*Instructions for the task*
The required output is the lines below from the line containing "YÜZDE 35 GÖRME" to the line containing "This elegant wooden", inclusive, retyped exactly. No other lines belong in it.

*Supplied records*
________________________
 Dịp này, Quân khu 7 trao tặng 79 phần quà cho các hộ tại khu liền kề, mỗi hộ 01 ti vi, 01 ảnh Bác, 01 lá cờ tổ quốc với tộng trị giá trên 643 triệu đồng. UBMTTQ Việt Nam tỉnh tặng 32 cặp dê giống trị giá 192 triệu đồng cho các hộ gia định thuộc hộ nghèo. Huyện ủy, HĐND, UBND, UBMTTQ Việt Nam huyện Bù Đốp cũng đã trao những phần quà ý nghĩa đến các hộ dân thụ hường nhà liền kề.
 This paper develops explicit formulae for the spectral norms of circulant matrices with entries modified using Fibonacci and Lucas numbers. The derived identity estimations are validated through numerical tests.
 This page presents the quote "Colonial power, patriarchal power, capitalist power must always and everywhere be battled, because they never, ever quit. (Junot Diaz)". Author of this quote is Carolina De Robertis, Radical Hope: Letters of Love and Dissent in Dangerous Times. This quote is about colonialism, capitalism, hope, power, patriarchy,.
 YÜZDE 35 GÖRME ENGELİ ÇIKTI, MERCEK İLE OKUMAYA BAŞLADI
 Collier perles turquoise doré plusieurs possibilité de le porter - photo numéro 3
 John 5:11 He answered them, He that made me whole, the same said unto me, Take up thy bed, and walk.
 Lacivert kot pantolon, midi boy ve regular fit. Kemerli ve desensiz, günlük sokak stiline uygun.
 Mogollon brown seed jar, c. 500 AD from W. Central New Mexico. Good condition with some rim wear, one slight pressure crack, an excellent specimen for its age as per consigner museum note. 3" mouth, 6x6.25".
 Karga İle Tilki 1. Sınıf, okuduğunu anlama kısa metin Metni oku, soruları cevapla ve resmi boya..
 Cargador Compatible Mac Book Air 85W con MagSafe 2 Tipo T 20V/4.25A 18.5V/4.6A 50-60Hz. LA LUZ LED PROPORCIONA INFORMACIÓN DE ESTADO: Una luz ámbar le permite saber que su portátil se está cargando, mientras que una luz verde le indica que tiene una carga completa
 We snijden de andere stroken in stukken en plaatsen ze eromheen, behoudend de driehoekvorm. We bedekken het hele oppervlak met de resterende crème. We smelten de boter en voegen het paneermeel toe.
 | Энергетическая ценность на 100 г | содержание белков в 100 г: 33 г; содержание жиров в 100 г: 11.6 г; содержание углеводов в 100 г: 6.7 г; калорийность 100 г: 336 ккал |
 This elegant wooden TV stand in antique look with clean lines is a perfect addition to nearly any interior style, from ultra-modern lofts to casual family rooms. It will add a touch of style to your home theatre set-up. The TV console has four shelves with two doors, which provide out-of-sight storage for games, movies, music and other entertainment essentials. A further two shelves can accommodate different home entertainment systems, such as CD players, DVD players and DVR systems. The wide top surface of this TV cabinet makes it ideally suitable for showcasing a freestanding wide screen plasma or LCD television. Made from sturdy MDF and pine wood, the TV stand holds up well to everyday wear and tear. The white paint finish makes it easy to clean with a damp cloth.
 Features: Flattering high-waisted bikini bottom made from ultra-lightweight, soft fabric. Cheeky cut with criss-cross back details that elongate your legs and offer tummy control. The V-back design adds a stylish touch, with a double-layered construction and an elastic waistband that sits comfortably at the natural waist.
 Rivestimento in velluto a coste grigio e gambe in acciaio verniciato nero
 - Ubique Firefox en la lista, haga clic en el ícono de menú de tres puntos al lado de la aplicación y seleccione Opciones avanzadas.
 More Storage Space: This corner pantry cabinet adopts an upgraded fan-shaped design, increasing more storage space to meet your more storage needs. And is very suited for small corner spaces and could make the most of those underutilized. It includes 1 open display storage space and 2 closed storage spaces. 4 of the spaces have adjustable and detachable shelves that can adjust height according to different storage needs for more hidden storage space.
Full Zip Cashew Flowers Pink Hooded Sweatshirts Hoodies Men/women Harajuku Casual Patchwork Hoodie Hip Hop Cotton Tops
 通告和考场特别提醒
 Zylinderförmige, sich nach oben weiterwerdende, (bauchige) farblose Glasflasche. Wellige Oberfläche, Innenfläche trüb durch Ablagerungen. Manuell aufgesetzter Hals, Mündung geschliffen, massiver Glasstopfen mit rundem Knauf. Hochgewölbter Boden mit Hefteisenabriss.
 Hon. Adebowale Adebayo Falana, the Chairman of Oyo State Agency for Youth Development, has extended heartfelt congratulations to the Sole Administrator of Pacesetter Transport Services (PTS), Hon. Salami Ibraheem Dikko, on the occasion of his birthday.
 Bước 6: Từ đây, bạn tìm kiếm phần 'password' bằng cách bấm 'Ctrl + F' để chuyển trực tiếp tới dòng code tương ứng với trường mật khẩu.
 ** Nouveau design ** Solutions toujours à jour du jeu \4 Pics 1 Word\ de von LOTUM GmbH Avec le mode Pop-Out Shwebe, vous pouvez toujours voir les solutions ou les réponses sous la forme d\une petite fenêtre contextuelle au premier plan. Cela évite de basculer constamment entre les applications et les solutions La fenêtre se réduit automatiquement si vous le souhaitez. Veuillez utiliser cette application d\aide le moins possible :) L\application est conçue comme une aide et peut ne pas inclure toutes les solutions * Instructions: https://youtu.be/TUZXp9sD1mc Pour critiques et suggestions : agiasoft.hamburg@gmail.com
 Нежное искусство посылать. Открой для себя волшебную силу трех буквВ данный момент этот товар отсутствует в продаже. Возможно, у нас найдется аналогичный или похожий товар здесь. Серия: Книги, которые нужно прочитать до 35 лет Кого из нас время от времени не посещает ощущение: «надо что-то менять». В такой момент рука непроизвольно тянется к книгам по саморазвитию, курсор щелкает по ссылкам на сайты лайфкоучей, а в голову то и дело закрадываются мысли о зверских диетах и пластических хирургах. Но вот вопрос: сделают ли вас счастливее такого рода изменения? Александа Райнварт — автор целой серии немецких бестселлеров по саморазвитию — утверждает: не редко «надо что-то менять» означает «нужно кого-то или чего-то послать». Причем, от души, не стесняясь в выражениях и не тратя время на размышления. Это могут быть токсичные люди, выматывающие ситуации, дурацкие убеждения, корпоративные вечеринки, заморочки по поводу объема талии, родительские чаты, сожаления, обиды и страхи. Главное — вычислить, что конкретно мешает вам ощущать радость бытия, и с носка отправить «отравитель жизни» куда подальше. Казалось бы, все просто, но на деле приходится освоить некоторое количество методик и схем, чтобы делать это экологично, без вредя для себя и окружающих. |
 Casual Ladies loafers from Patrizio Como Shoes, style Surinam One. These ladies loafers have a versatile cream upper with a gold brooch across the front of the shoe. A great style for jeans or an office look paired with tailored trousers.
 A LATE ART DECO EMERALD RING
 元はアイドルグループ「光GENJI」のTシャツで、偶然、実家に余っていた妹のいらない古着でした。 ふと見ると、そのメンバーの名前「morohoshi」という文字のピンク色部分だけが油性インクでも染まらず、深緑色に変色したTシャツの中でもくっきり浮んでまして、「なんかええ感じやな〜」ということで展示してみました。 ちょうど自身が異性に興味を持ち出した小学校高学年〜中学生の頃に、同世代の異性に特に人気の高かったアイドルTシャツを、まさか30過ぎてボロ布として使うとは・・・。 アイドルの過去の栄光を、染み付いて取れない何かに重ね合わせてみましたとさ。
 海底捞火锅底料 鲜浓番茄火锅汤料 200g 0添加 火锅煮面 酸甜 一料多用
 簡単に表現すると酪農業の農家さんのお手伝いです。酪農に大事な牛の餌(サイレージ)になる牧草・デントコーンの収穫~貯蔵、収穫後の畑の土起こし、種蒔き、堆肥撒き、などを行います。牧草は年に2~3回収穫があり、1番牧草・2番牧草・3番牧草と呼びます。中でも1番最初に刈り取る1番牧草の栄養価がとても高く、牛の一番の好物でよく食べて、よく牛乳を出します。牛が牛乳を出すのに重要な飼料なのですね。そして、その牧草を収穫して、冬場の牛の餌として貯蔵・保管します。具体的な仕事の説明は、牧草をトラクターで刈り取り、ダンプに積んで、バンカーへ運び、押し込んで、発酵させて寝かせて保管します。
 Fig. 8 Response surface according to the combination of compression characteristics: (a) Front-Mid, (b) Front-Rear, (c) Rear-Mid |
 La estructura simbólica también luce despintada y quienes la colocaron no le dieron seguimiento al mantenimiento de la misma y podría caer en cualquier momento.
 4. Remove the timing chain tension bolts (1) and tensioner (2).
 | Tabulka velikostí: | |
________________________
*Written solution*
 YÜZDE 35 GÖRME ENGELİ ÇIKTI, MERCEK İLE OKUMAYA BAŞLADI
 Collier perles turquoise doré plusieurs possibilité de le porter - photo numéro 3
 John 5:11 He answered them, He that made me whole, the same said unto me, Take up thy bed, and walk.
 Lacivert kot pantolon, midi boy ve regular fit. Kemerli ve desensiz, günlük sokak stiline uygun.
 Mogollon brown seed jar, c. 500 AD from W. Central New Mexico. Good condition with some rim wear, one slight pressure crack, an excellent specimen for its age as per consigner museum note. 3" mouth, 6x6.25".
 Karga İle Tilki 1. Sınıf, okuduğunu anlama kısa metin Metni oku, soruları cevapla ve resmi boya..
 Cargador Compatible Mac Book Air 85W con MagSafe 2 Tipo T 20V/4.25A 18.5V/4.6A 50-60Hz. LA LUZ LED PROPORCIONA INFORMACIÓN DE ESTADO: Una luz ámbar le permite saber que su portátil se está cargando, mientras que una luz verde le indica que tiene una carga completa
 We snijden de andere stroken in stukken en plaatsen ze eromheen, behoudend de driehoekvorm. We bedekken het hele oppervlak met de resterende crème. We smelten de boter en voegen het paneermeel toe.
 | Энергетическая ценность на 100 г | содержание белков в 100 г: 33 г; содержание жиров в 100 г: 11.6 г; содержание углеводов в 100 г: 6.7 г; калорийность 100 г: 336 ккал |
 This elegant wooden TV stand in antique look with clean lines is a perfect addition to nearly any interior style, from ultra-modern lofts to casual family rooms. It will add a touch of style to your home theatre set-up. The TV console has four shelves with two doors, which provide out-of-sight storage for games, movies, music and other entertainment essentials. A further two shelves can accommodate different home entertainment systems, such as CD players, DVD players and DVR systems. The wide top surface of this TV cabinet makes it ideally suitable for showcasing a freestanding wide screen plasma or LCD television. Made from sturdy MDF and pine wood, the TV stand holds up well to everyday wear and tear. The white paint finish makes it easy to clean with a damp cloth.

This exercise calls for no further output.